Porque en la ayuda desinteresada, en
el auxilio solidario y en el amparo de los pobres, Valladolid dio toda una
lección al país. La prensa lo ensalzó sin cesar. A muchos se les
veía arrastrar carros, ganados y demás medios de transporte, a cada cual más
rudimentario, para salvar a las víctimas. Las tropas de Intendencia,
sabiamente dirigidas por Mariano Rueda, desalojaron casas, trasladaron muebles y
ajuares y pusieron a resguardo a varias familias. Tampoco se quedaron
atrás los regimientos de Artilería, al mando de los cuales estaba el teniente
coronel Manuel de la Cruz, ni tampoco la Guardia Civil y el cuerpo de Seguridad
y Vigilancia Municipal.

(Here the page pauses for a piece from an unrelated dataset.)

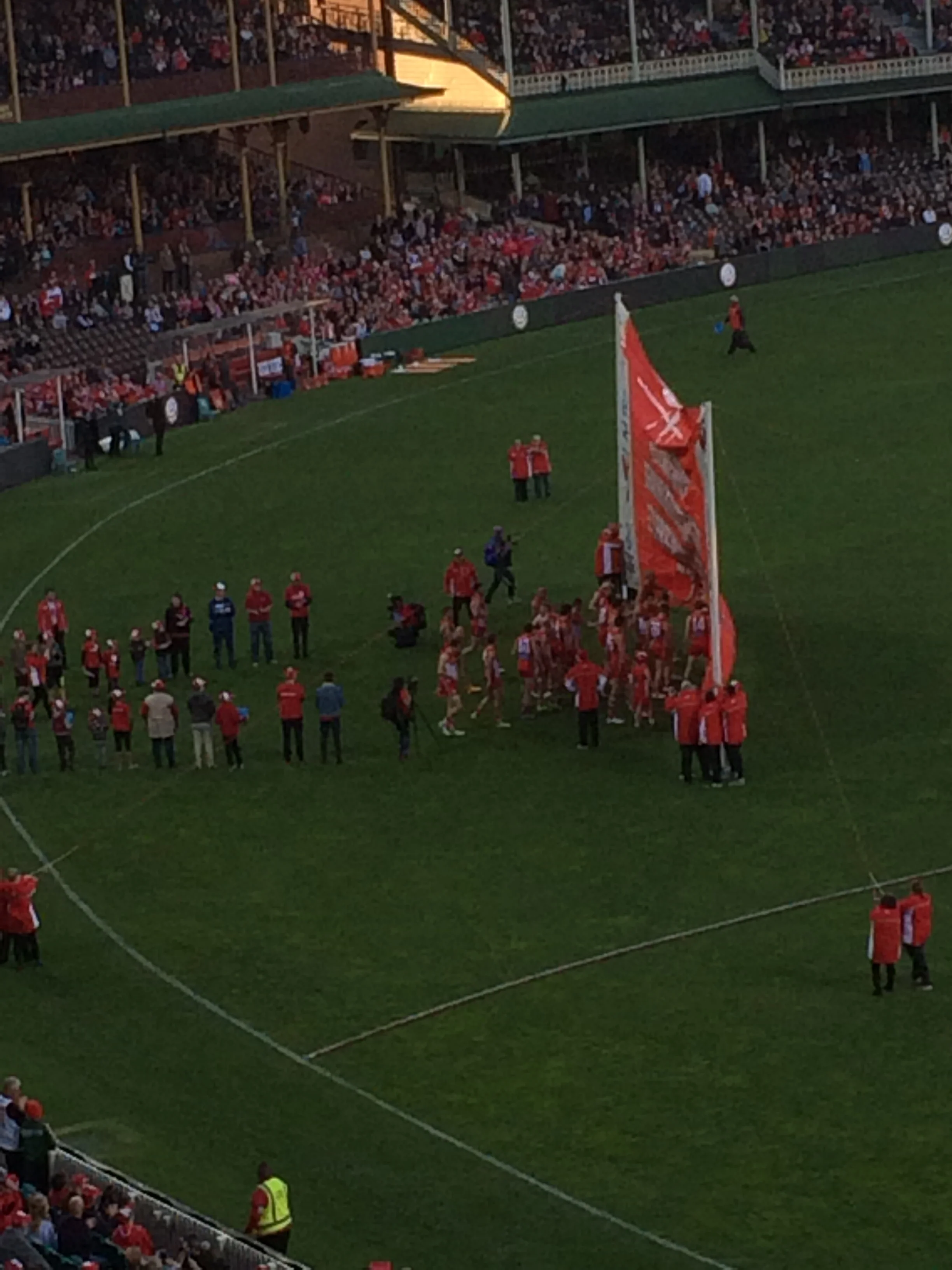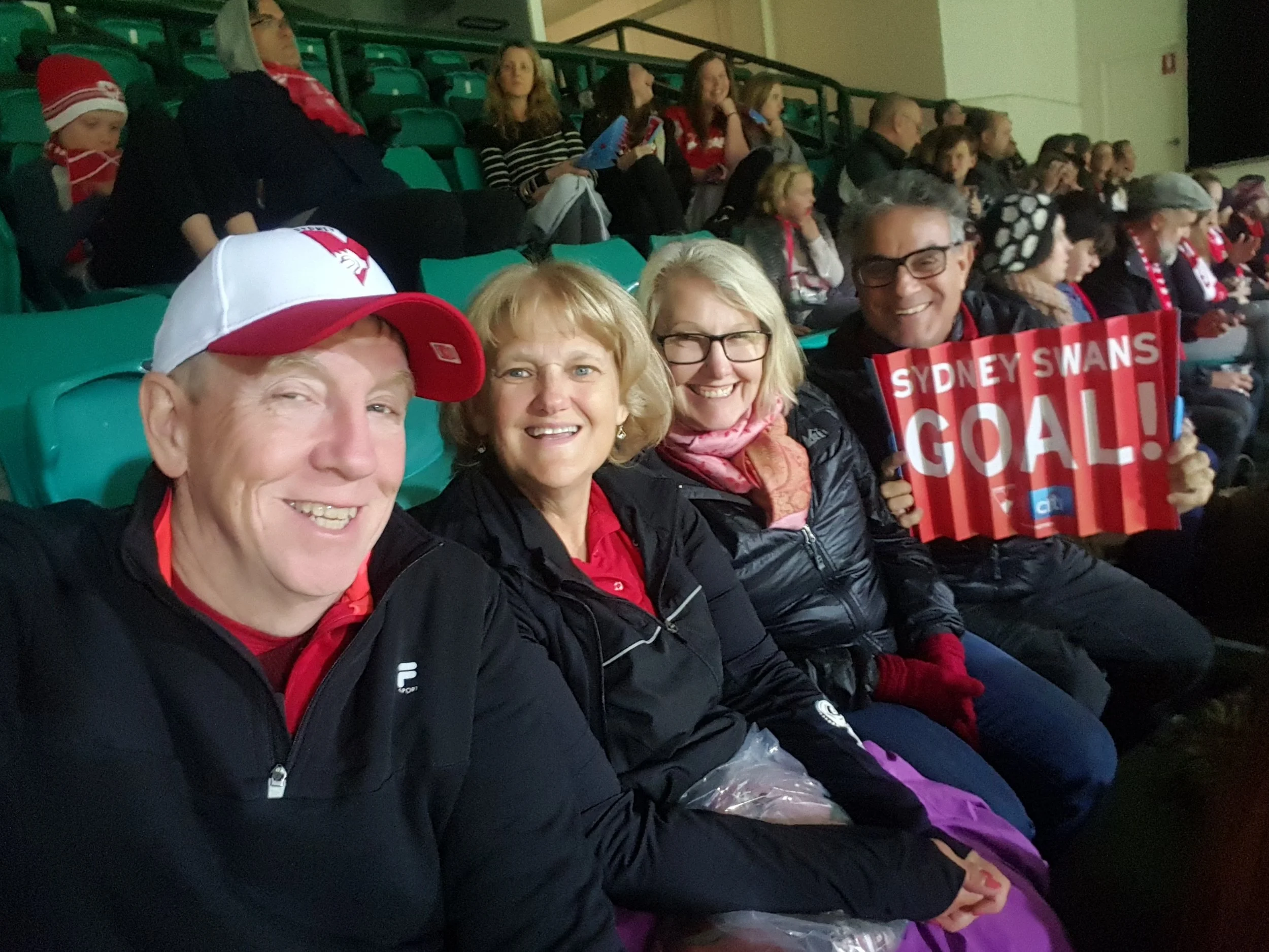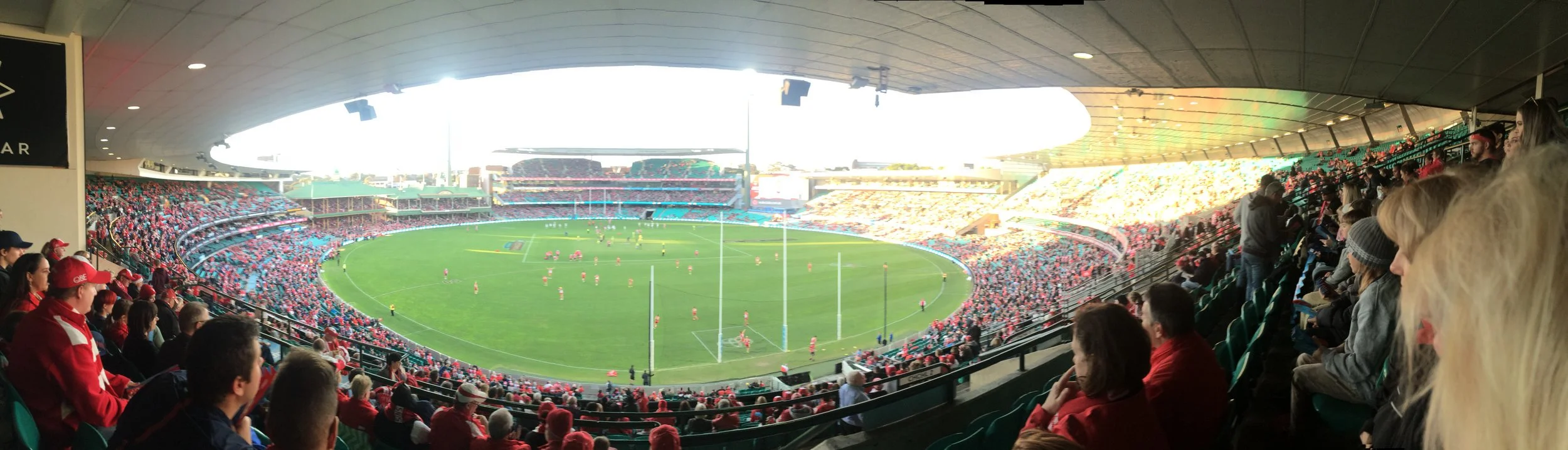 The next day, after some brief sightseeing, we capped off our final day by going to an Australian Football League Game. We joined 36,000 other blokes and gals at the Sidney Cricket Stadium to watch the Sidney Swans -vs- Cold Coast Suns. The field is a large oval extending to the bleachers, giving the 36 players plenty of space to kick and pass the large oblong ball directly to their teammates. Running is limited to 15 meters, so it is not like Rugby. The game is more like jump ball chaos, skillful played, with long kicks through the double uprights. The scoring is usually competitive and high. Here, the Suns folded and the Swans won 109 to 42, which was alright for the the boisterously friendly local fans. We think half time Marching Bands may be a big hit here, it just seems like that kind of crowd. The pitch is certainly big enough.

Todos a una arrimaron el hombro y salvaron la
situación.
Alabanzas
La Cruz Roja se ganó su pequeño pero brillante espacio de gratitud
y éxito en las páginas de los diarios locales, y todos alabaron el buen hacer
del delegado Mariano Fernández, esforzado benefactor que llenó los barrios de
puestos de socorro. De los bomberos se resaltó su profesionalidad y
eficacia más allá de lo que les daba de sí el exiguo material que portaban, y de
los obreros municipales se estampó una bonita imagen en la que acarreaban
material y barcos. ¿Y qué decir de la pericia de la buena gente? El
ingenio no estuvo ausente y para pasar de la calle de la Salud a la de San
Isidro, los más avispados colocaron un enorme tablón por donde millares de
personas cruzaron sin parar durante todo el día. Las colas en uno y otro
lado se hicieron enormes.
Cuando llegó el día 30, el tiempo se
calmó y se hizo recuento de los daños. Valladolid entero respiró aliviado
pero volvió a maldecir, como el Quevedo de los viejos tiempos, a ese Esgueva
maloliente que les había arrebatado casas, enseres, ajuares y bienestar.